Globally, she has since headlined at the Umbria Jazz Festival, the Montreal Jazz Festival, the Nairn Jazz Festival, and the Cotton Club and Blue Note in Japan. She followed her 2009 debut album Haunted Heart (produced by and featuring jazz-guitar great John Pizzarelli), a Gold Disc Award winner in Japan, with You Are There, an ambitious compilation featuring vocal-piano duets with legendary pianists Dave Brubeck, Michel Legrand, Benny Green, Cedar Walton, Hank Jones, Kenny Barron, etc. which won a New York Bistro Award for record of the year, and received national recognition as a USA Today Best Album of the Year.

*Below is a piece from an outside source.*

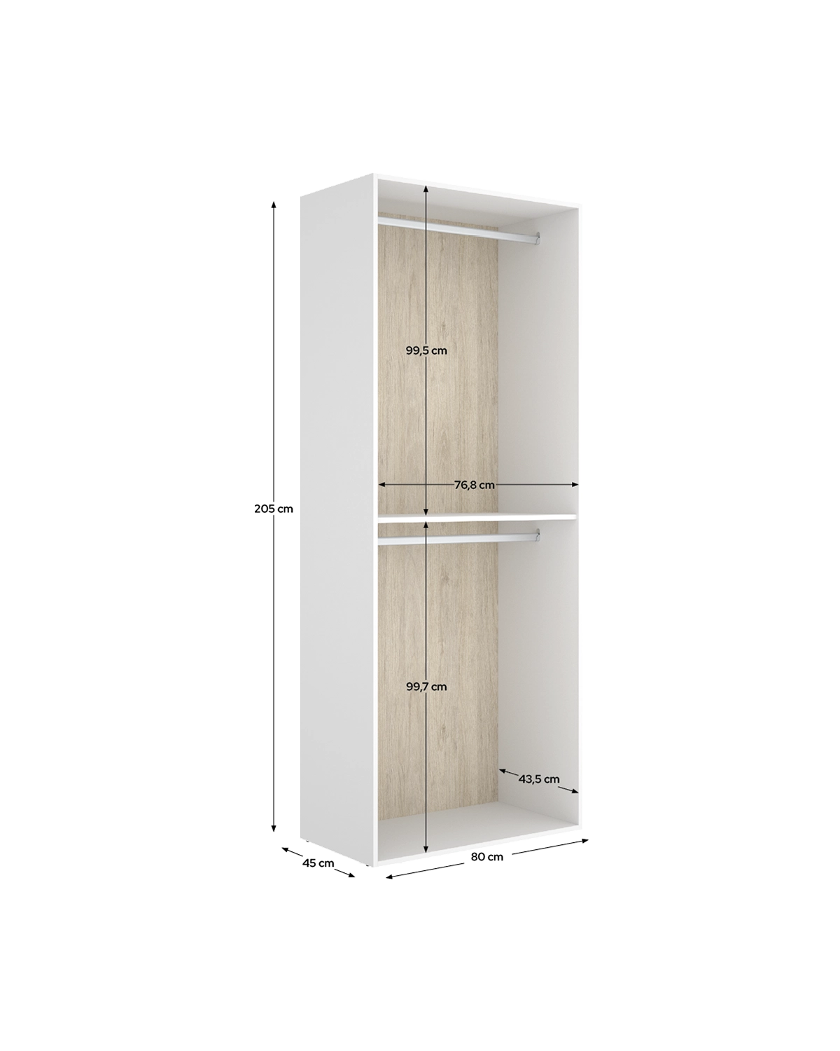 - El módulo vestidor Suit con doble barra ofrece una solución práctica para quienes buscan maximizar el espacio de colgado dentro del vestidor. Su diseño abierto, con líneas sencillas y equilibradas, se completa con una trasera reversible que permite elegir entre el acabado blanco o madera natural, adaptándose fácilmente a diferentes estilos decorativos. Cuenta con dos huecos abiertos y dos barras de aluminio, que permiten separar prendas cortas y largas para una organización más eficiente. Los tacos ABS quitarruidos y antirrayaduras aportan estabilidad y protección del suelo, mientras que la estructura en tablero melaminizado y los herrajes metálicos garantizan resistencia y durabilidad. Su mantenimiento es sencillo, conservando un aspecto impecable con el paso del tiempo. Al igual que el resto de la colección, este módulo forma parte del sistema modular Suit, que ofrece la posibilidad de combinar diferentes configuraciones para crear vestidores personalizados y ampliables. Su diseño versátil y su acabado reversible lo convierten en un elemento esencial para mantener el orden con estilo y naturalidad.

Despite these accolades, during her unexpected forced hiatus there
were times when Hilary felt like she had lost a part of herself—but as
she says, “Through this darkness, I have learned so much about myself
and about the world.” Explaining her natural evolution from her strictly
jazz/Songbook roots, she takes a probing look at where she’s been and
where she’s headed. “Each song I chose for A Self-Portrait has a
significant meaning to me and has in one way or another shepherded me
through the darkest moments of my life.”
“They’re songs that tap into everyone’s desire to not only feel better, but make things better,” she says. “When I sing them – both here and on stage – I feel liberated and empowered. They’re my way of acknowledging how hard it is sometimes to live, to love, to grow up and to evolve—and these songs express my determination to get through these difficult times. Everything starts sitting at the piano, studying a song’s sheet music and finding the musical expression I am looking for to best fit the lyrics. To me, A Self Portrait is about being in the moment, in the most real way possible. I think it is the most authentic recording that I have ever done – yet.”

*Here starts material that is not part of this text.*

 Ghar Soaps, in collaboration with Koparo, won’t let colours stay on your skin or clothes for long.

Hilary’s time away from recording gave her a chance to take stock of her deepest passions and longings as a performer and interpreter. “I had the opportunity to look at who I am as an artist, and realize that I cannot pretend to only be one thing,” she says. “I am, like most artists, many things – or maybe just one thing that cannot be classified. A Self Portrait represents more of who I am. I once thought I had to sing in a box, sing a certain way. I now realize that for me that would be the safe road, but not the truest road.”
That path includes a deep love for a wide range of influences, from Cole Porter to Maria Schneider to Celtic chants, Bohemian rhapsodies, Samuel Barber, the Rolling Stones and Fun. It’s also taken Hilary in unique thematic directions over the years as she debuted at the Oak Room at the Algonquin Hotel as the co-writer and star of the critically acclaimed, Off Broadway revues Our Sinatra and Singing Astaire. Hilary’s latest tour de force is a symphonic tribute to the music of Judy Garland; she has already performed this multi-faceted orchestral show with symphonies around the country, and has a national tour planned for 2015.
Her choice to include “River” on this album offers a glimpse into her next large-scope undertaking: a new show based on the music of Joni Mitchell.
“The beauty of A Self Portrait is that it’s an honest musical glimpse into this moment of my life, looking back on a hard time but from the perspective of having made it through to a bright, exciting present and future,” she says. “It was such a hard road to travel to win the ability to get this out there, so the seemingly simple task of just walking into the vocal booth in the studio and doing the first take was both the hardest and most liberating thing I’ve done in my life. It was a very emotional experience, an opportunity to pour three years of held-back emotion and passion into a true labor-of-love project. I have nothing but gratitude for my family, friends and fans who have shared with me their unconditional love and support – and for my wonderful band who stayed by my side through it all and captured my vision so beautifully throughout.”